**Information provided**
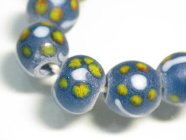 Among the round lampwork bead made at the workshop in Java, Indonesia, there are many with the motif of "flowers". Since it has a long history, there are so many different designs that it seems almost infinite, and it is difficult to reproduce the same color and design. It is no exaggeration to say that I am doing this job now because I was fascinated by these lampwork bead that I saw for the first time in Indonesia decades ago.
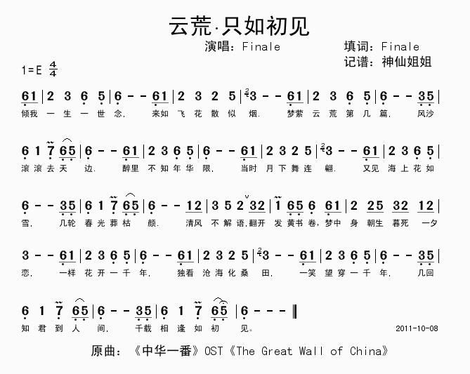 云荒.只如初见 简谱 曲谱 歌谱
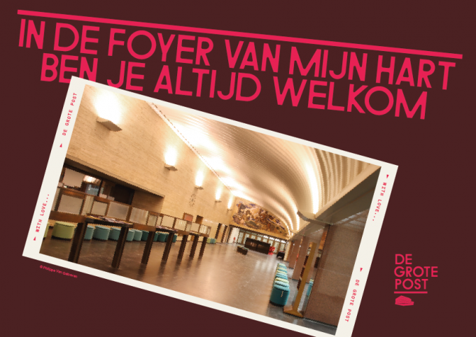 De postkaarten bevatten een knipoog naar het gebouw en uiteraard de liefde. Denk aan quotes als ‘In de foyer van mijn hart ben je altijd welkom’ en ‘Als ik jou zie draai ik helemaal door.’ Deze exclusieve postkaarten zijn vanaf donderdag 13 februari tijdens de openingsuren van De Grote Post verkrijgbaar. De set is gratis, maar wees er snel bij, want op is op. (HH)
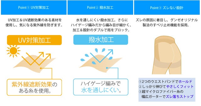 本商品は、晴れの日は気になる紫外線を防ぐUV対策、雨の日は水を通しにくい撥水機能を発揮する天候に左右されることなく快適にはけるストッキング・レギンスです。また、すべり止め機能付ガーター、新立体パンティ部設計、ダブルウエスト設計で、股下のズレを防止します。

**Work task**
Copy every line of the data word for word, omitting the images.

**Answer space**
 Among the round lampwork bead made at the workshop in Java, Indonesia, there are many with the motif of "flowers". Since it has a long history, there are so many different designs that it seems almost infinite, and it is difficult to reproduce the same color and design. It is no exaggeration to say that I am doing this job now because I was fascinated by these lampwork bead that I saw for the first time in Indonesia decades ago.
 云荒.只如初见 简谱 曲谱 歌谱
 De postkaarten bevatten een knipoog naar het gebouw en uiteraard de liefde. Denk aan quotes als ‘In de foyer van mijn hart ben je altijd welkom’ en ‘Als ik jou zie draai ik helemaal door.’ Deze exclusieve postkaarten zijn vanaf donderdag 13 februari tijdens de openingsuren van De Grote Post verkrijgbaar. De set is gratis, maar wees er snel bij, want op is op. (HH)
 本商品は、晴れの日は気になる紫外線を防ぐUV対策、雨の日は水を通しにくい撥水機能を発揮する天候に左右されることなく快適にはけるストッキング・レギンスです。また、すべり止め機能付ガーター、新立体パンティ部設計、ダブルウエスト設計で、股下のズレを防止します。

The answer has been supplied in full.